Quando iniciou a sua carreira, Ana Paula Borges confessa que olhavam para si como “a cobradora de impostos”. Era assim a forma como os contabilistas eram percecionados antigamente, contudo, atualmente, as pessoas já tentam obter mais informação. No último ano e meio, Ana tem assistido a “um crescente interesse pela consultoria” e repara que as pessoas antes de a procurarem pesquisam na internet sobre o assunto. O problema é que a internet muitas das vezes “não lhes explica tudo”, alerta Ana Paula Borges, alegando que têm chegado “casos graves de pessoas que viram na internet como se fazia a declaração de início de atividade”, por exemplo, “fizeram tudo muito direitinho, só que colocaram um valor incorreto”. Este tipo de situações torna-se complicado de regularizar e os prejuízos associados são “elevados”.
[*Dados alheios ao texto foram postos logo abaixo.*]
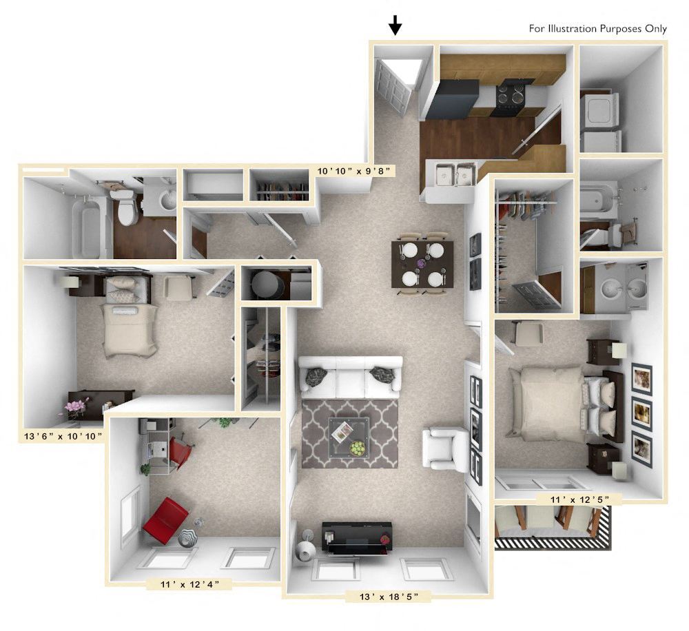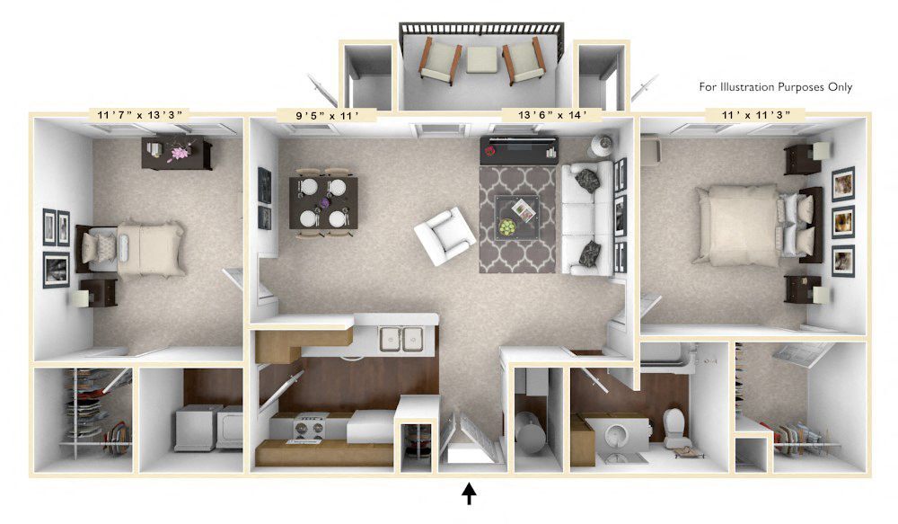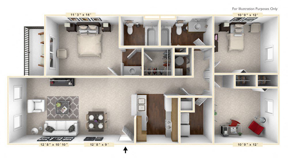2 Beds, 2 Baths, 1111 sq ftAvailable NowCheapest 2 BedroomThis is the cheapest 2 Bedroom at this PropertyModel Gallery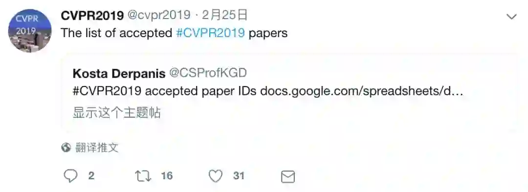 前几日,CVPR 2019 官方推特发布消息公布了本次大会接收论文ID:

“MUITOS JOVENS QUEREM ABRIR A SUA ATIVIDADE COMO TRABALHADOR INDEPENDENTE, E NÃO TÊM A MÍNIMA NOÇÃO DOS CUSTOS QUE ESTÃO ASSOCIADOS, DAS RESPONSABILIDADES QUE TÊM”
Quanto à medida da literacia financeira que vai ser aplicada em sete escolas, Ana Paula Borges considera-a “tardia”. Embora compreenda que “a sociedade só agora permitisse” focar nestes temas, devido aos últimos anos atípicos, nota “que muitos jovens querem abrir a sua atividade como trabalhador independente, e não têm a mínima noção dos custos que estão associados, das responsabilidades que têm”. Ana Paula crê que, por não estarem devidamente informados, é uma medida que já devia ter sido implementada há mais tempo.
Após tantos anos a lidar com clientes, aquilo que vai percebendo é que “as pessoas têm muita aversão à contabilidade e à fiscalidade e fogem”. No seu entender, essa não devia de ser a postura a adotar e considera estes temas muito pertinentes a serem abordados em contexto de sala de aula, com exemplos práticos, para que “consigam compreender as situações”.
Só com esses conhecimentos sólidos é que os mais novos têm os ingredientes necessários para se tornarem bons empreendedores. É por isso que, a todos os jovens que tenham o objetivo de abrir uma empresa, Ana Paula Borges aconselha a pararem para refletir e responder às seguintes questões:
“eu quero esta empresa porque…”, “o objetivo desta empresa é…”, “qual é o impacto que ela vai ter na minha economia particular”, “o que é que eu posso contribuir e ganhar com esta empresa?”
Acredita que este exercício é fundamental, pois encara a empresa como “um projeto de sustentabilidade, tem uma vida útil, finita, e só deve existir enquanto for rentável e eu dela conseguir usufruir”.
Quando empresas são concebidas sem estas noções, Ana Paula Borges garante ser “um erro, porque vão começar a cair”. Uma das questões que julga serem mais graves e que assiste acontecer com alguma frequência é o dinheiro na conta ser encarado como propriedade própria. “A empresa não é nossa. Eu costumo dizer isto, a empresa tem vida própria. Encarem a empresa como um bebé que cresce e que precisa de nós para a gerir”, explicita a contabilista. Adiciona ainda que “as pessoas acordam um dia e pensam ‘vou constituir uma empresa’ porque alguém lhes disse que era muito bom, e depois apercebem-se que afinal há muitos impostos para pagar. A questão é mesmo essa, a criação de uma empresa acarreta impostos e nós temos de estar preparados”.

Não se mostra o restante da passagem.